So I'm getting sick, and I'm a little happy I am, because frankly I could probably use a day off. I need to look at things logically. I would love to have a kid now, but the reality is, we just made the decision to focus on JT's career and make sure he's secure in that before we do anything crazy, like have a kid and I quit my job. So I'm not even sure why I had this wishful thinking about me getting pregnant. Maybe it's just a thought I tend to have when I'm late.

The up side, I'm so having coffee. And NyQuil tonight. Oh and a cheeseburger. Ok, maybe not the cheeseburger. But I'll love the heck out of that coffee.
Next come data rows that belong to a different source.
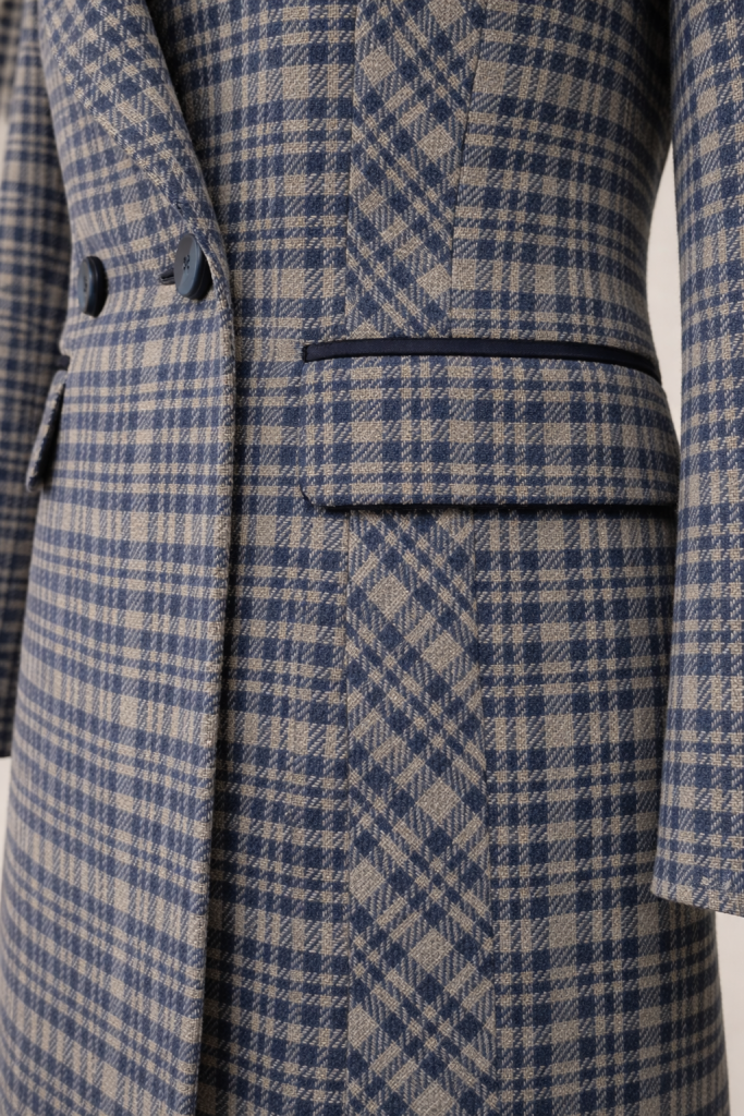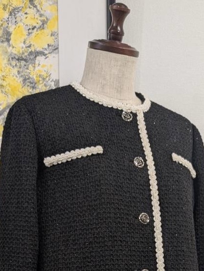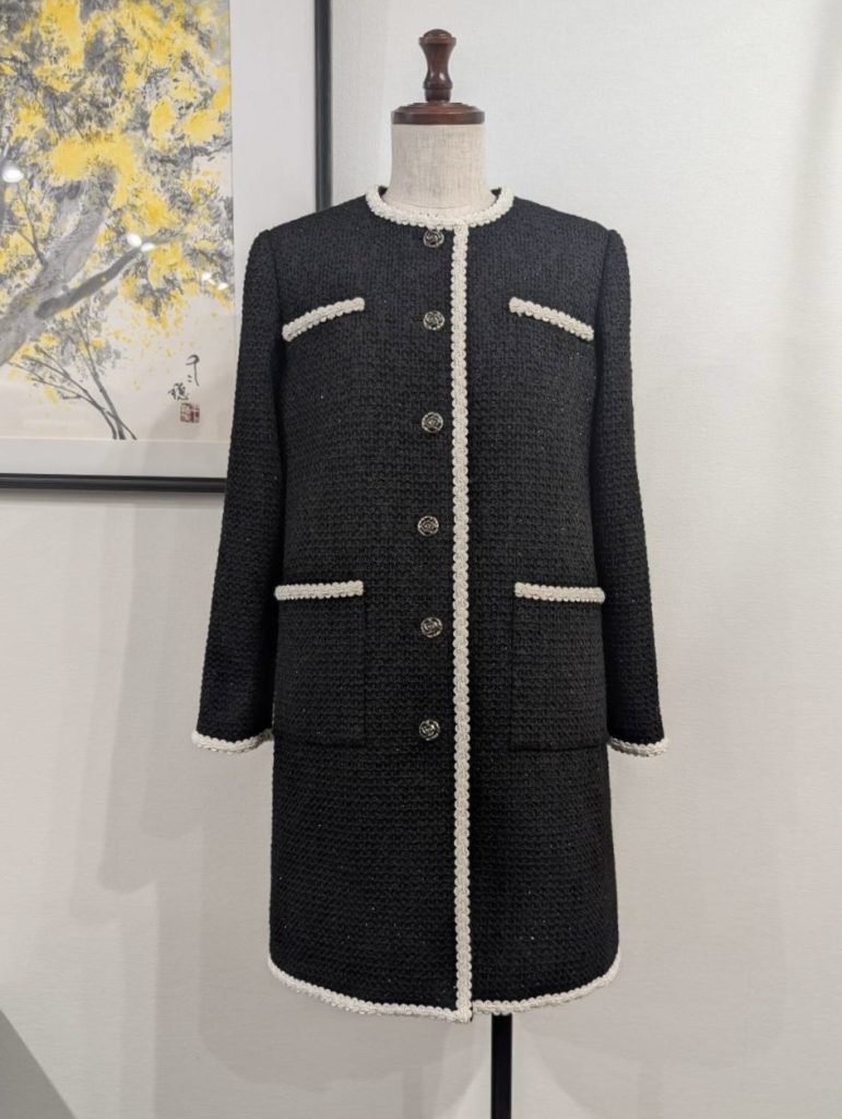 今回はその質感を存分に活かし、クラシカルな シャネル風のロングコートと、スカートのセットアップをお仕立て。白のブレードで縁取った立体的なラインが、お顔周りをパッと華やかに引き立てます。
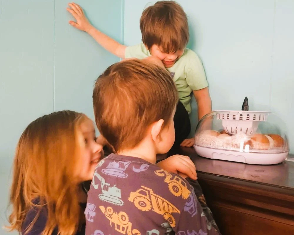 We’ve got another, smaller incubator going at my sister in law’s house so that her kids can share the experience. Once those eggs hatch, they’ll join our hatchlings in the brooder. Tending the poor motherless chicks through the first, vulnerable days of their lives is an anxious time.
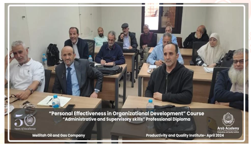 Continuing the series of training programs provided by the Productivity and Quality Institute proposed under the diploma program “Administrative and Supervisory Skills, Professional Diploma," in conjunction with Mellitah Oil and Gas Company, a training course was held titled “Personal Effectiveness in Organizational Development” by Dr. Moustafa El Mokadem on 24th April 2024. This diploma provides individuals with the knowledge and experience necessary to effectively manage administrative tasks and supervise teams within different organizations. By focusing on personal effectiveness within the context of organizational development, this diploma also equips individuals with the skills and mindset needed to thrive in dynamic and rapidly evolving workplaces.

Wednesday, January 14, 2009

Just amazing love year


http://www.wordle.net

I love the words I use the most. Also, I need to expand my vocabulary. Thanks Happy Katie -- http://www.happykatie.com/dailies/ -- I love her site!

Tuesday, January 13, 2009

Surrounding me

Have you ever been in a place full of people, yet you feel alone? It's the type of feeling that surrounds you and takes over. It's the kind of feeling you get and no matter what else you try to think about, or do, it just seems to be prevalent. I felt this way for a good 2 months or so. Despite the happy face I put on, or the, everything is peachy, front that I had up, I felt alone.
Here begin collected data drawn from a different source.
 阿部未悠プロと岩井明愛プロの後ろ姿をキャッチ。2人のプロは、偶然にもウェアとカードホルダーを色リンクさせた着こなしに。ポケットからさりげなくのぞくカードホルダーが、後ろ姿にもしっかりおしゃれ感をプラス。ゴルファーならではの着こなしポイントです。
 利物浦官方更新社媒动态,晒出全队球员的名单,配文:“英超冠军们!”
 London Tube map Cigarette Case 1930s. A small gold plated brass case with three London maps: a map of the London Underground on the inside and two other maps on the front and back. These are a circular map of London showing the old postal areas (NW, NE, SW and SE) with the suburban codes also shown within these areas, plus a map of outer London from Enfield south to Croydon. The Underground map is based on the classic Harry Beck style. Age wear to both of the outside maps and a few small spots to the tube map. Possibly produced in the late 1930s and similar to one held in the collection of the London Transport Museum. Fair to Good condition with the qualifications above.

Last Tuesday night I was at church and I was standing up front because they asked all the people who were going to commit themselves to work for the year to help out the church to go up. So I stood up, walked up there, and kind of hung back towards the back of the huge group of people. While standing there, Karla walked up and just put her arm around me. She told me, "I'm so happy you're here. I really need a friend. A true friend. I haven't felt like I've had a true friend here." I started to cry. I told her, "I've been feeling the same way. I love coming to church and I love the people in my life, but lately I feel I don't have True Friends." And that's when she began to cry. It was an amazing feeling knowing that I'm not alone in the feelings I have. It's even more amazing that we were brought together at that very moment. It was then that I didn't feel so alone.

I am trying to put myself out there, and I'm trying to think positive. You know, see the beauty in life. Everything around me has something beautiful in it, I just have to look hard enough. Luckily sometimes, it doesn't take much searching for me to see it. Tuesday night was one of those times.